Proof. We will prove it for three capacitors C₁, C₂, and C₃.

Referring to Fig. 1, if the left plate of capacitor C₁ receives a charge +Q, then an equal negative charge -Q will be induced on the right plate. Now if a negative charge -Q appears on the right plate of C₁, then a positive charge +Q must appear on the left plate of C₂ since the right plate of C₁, the left plate of C₂, and the wire connecting them can be viewed as a single electrical conductor that was originally uncharged and is isolated from the rest of the circuit. Thus each capacitor receives a charge of magnitude Q on each of its plates as shown in the figure.

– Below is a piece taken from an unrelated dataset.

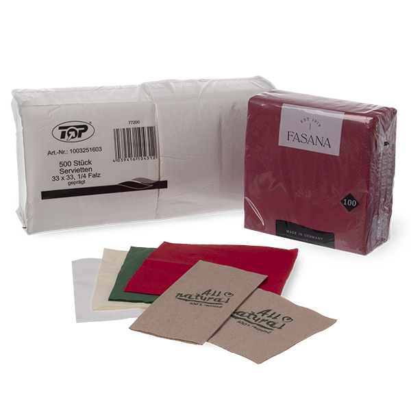 Hygienisch und nachhaltig: Wählen Sie aus einer großen Auswahl die optimale Serviette für Ihr Lokal. Nutzen Sie Servietten als Ihren Werbeträger!

Now

2)      V_af = V_ab + V_cd + V_ef

and, by definition of capacitance,

3)         C₁ = Q / V_ab             C₂ = Q / V_cd              C₃ = Q / V_ef

Substituting 3) into 2) gives

4)        V_af = Q / C₁ + Q / C₂ + Q / C₃

Now an equivalent capacitance C_E for this arrangement is the capacitance of a single capacitor that would become charged with the same charge Q when the potential difference across its terminals is V_af . Consequently,

5)        C_E = Q / V_af

From 4) and 5) we get

6)        Q / C_E = Q / C₁ + Q / C₂ + Q / C₃

which becomes

6)        1 / C_E = 1 / C₁ + 1 / C₂ + 1 / C₃

We note that the energy of the single equivalent capacitor is equal to the sum of the energies of capacitors C₁, C₂, and C₃. The energy of the equivalent is ½ QV_af and the sum of the energies of

capacitors C₁, C₂, and C₃ is ½ QV_ab + ½ QV_cd + ½ QV_ef = ½ QV_af .